§ EXERCISE GOAL: Whenever a line of the listing contains "South", it counts; give the total number of such lines and nothing more.

§ EXCERPTED RECORDS:
══════

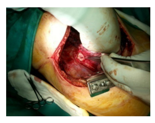
Figure 1 The exact point of the esophageal perforation (EP).

There are different surgical approaches, depending on the characteristics of the lesion (5,6).
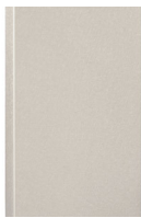
SS4: Brushed Stainless Steel
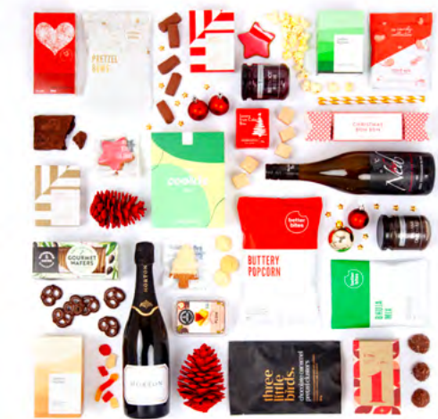
THE VERY MERRY CHRISTMAS $200
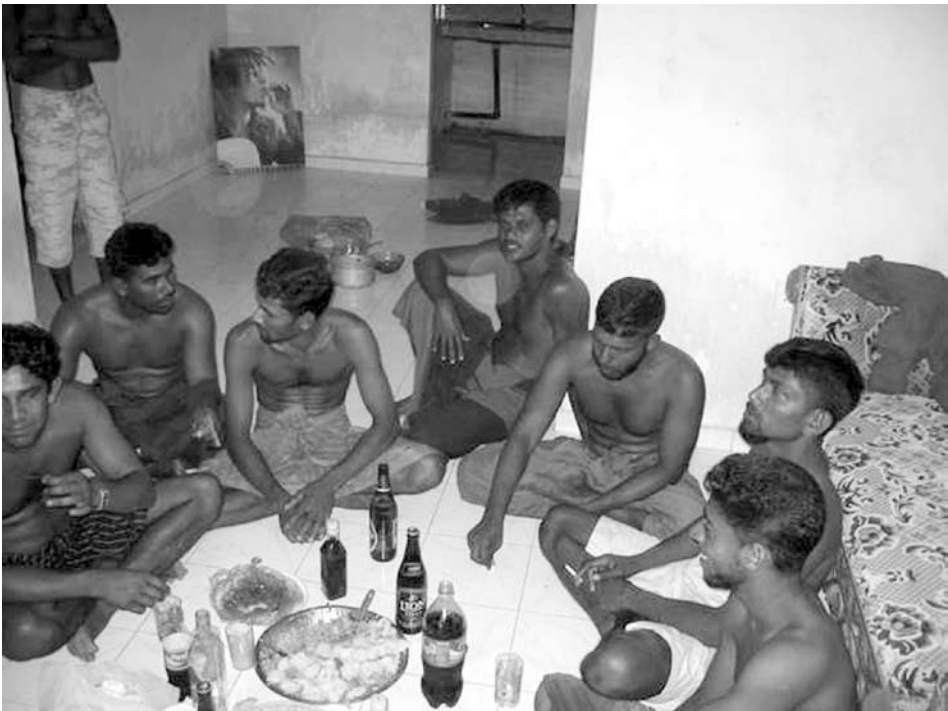
Figure 3: A group of fishermen relaxing after a working day in the open seas at their “meeting centre”; South coast of Sri Lanka 2006, photo by the author

I joined a French traveller, Simon, and two German travellers, Adelle and Ema, that headed from Kandy to one of the administrative centres in the South, eight hours by train. On arrival, Simon took us to a renovated house not far away from a large empty beach on the outskirts of the town. The one-storey house had been damaged by tsunamis in 2004 and consequently repaired/reconstructed into a two-storey house with the support money from Switzerland. The ground floor was intended for tourism accommodation facilities, but the oldest son of the family, Samith, who earned substantial money with tuna fishing, used it as a meeting point of his co-workers (a group of young high sea fishermen) and their friends.
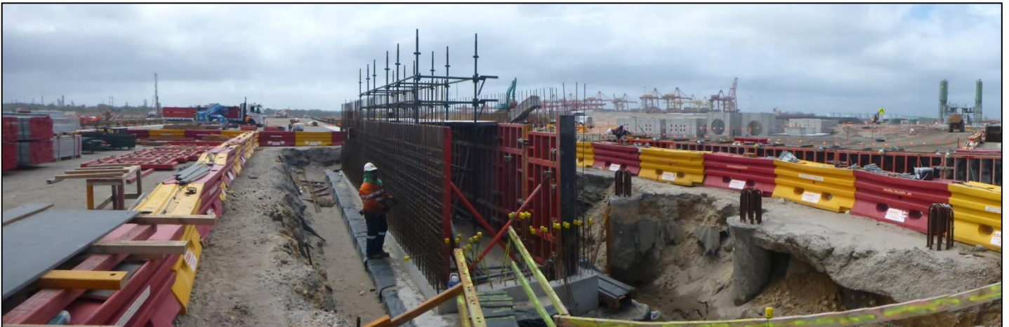
Construction of one of the electrical substations on the Terminal 3 site
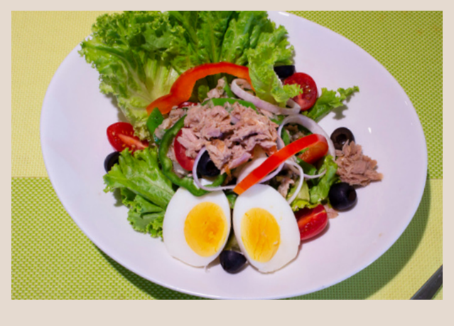
Nicoise Salad with Potato and Tuna 尼科西亚沙拉配土豆和金枪鱼 19,000 MMK+

Tossed Lettuces with caesar dressing and croutons, choice of chicken or bacon
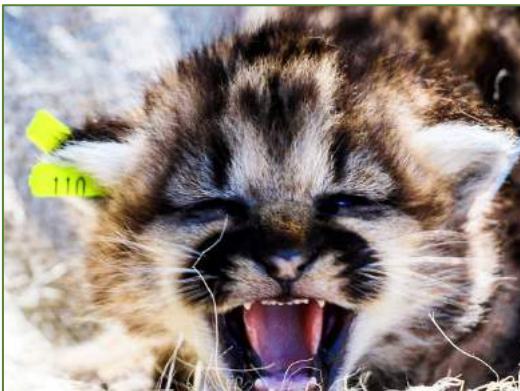
2019 LARRY COMIN PHOTO CONTEST SUBMISSION

1200 – 1300 LUNCH BREAK (Provided in Salon B/C)
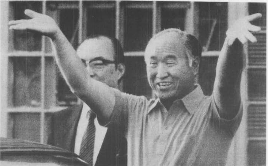
Upon his release from prison in 1985, Rev. Moon was welcomed by Christian leaders from all over the US. More than 40 churches had supported his legal battles.
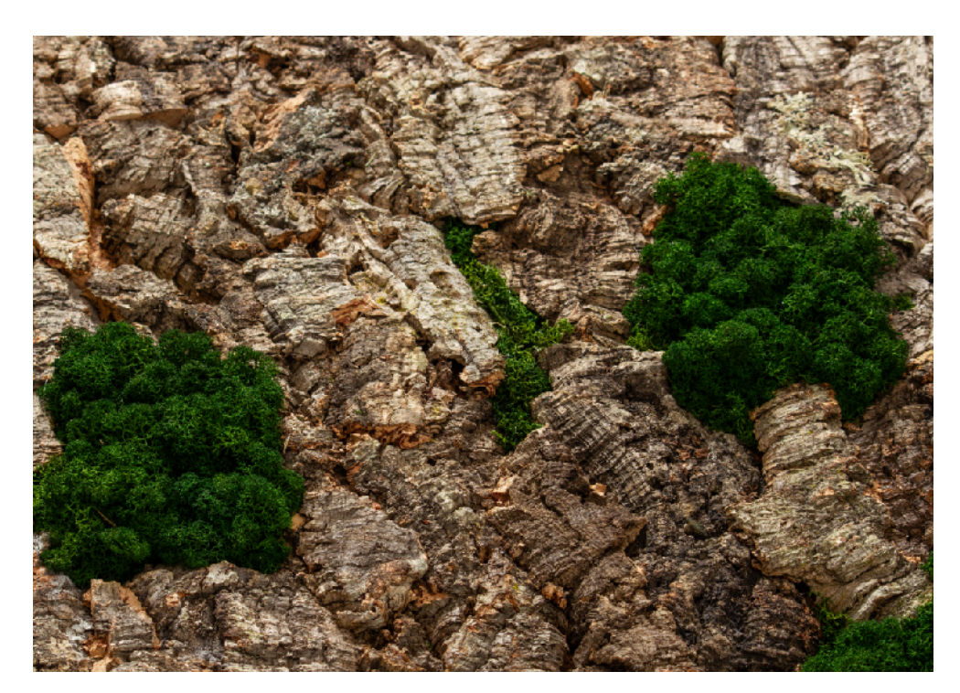
Close-up of Virgin Tree (Natural) with moss
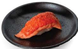
SS10 SALMON MENTAI RM5.5 Torch Salmon w Mentai Sauce
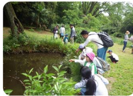
*Family excursion: Look at the same thing and share inspiration
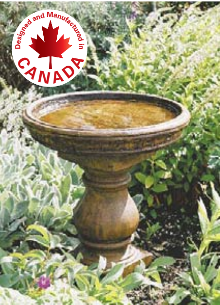
Turned Pedestal Birdbath SIZE: W19" X D19" X H19"
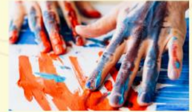
Arts Therapy for Adults
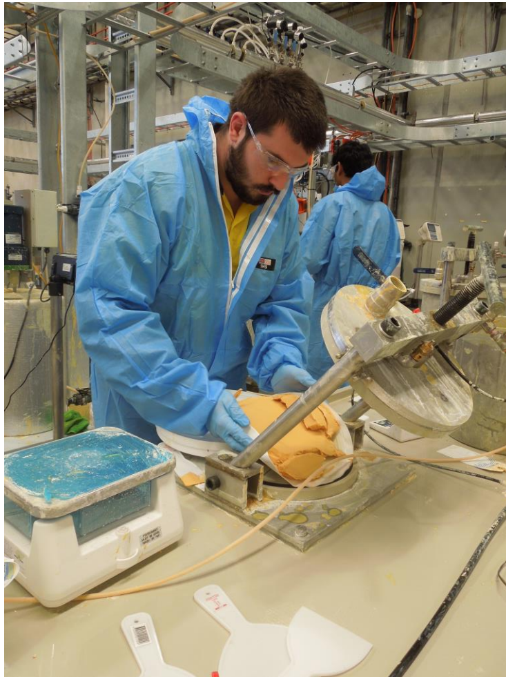
Refined NdPr-rich Rare Earth Hydroxide Precipitate being removed from filter unit
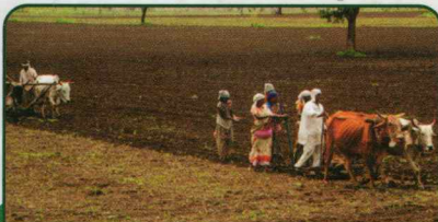
Scouting And Procure From Farms
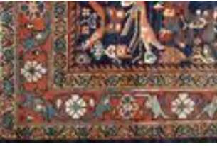
Lot #372: Mahal Carpet 9 ft. 10 in. x 4 ft. 2 in. Estimate: $ 400.00 - $ 600.00
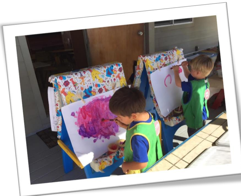
Students at Kauaʻi Independent Daycare Service in Kapaa
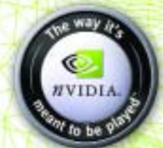
Command & Conquer Generals™/EA Games

Look for games displaying this logo for the best gaming experience.

══════

§ RESPONSE TO THIS TASK: 2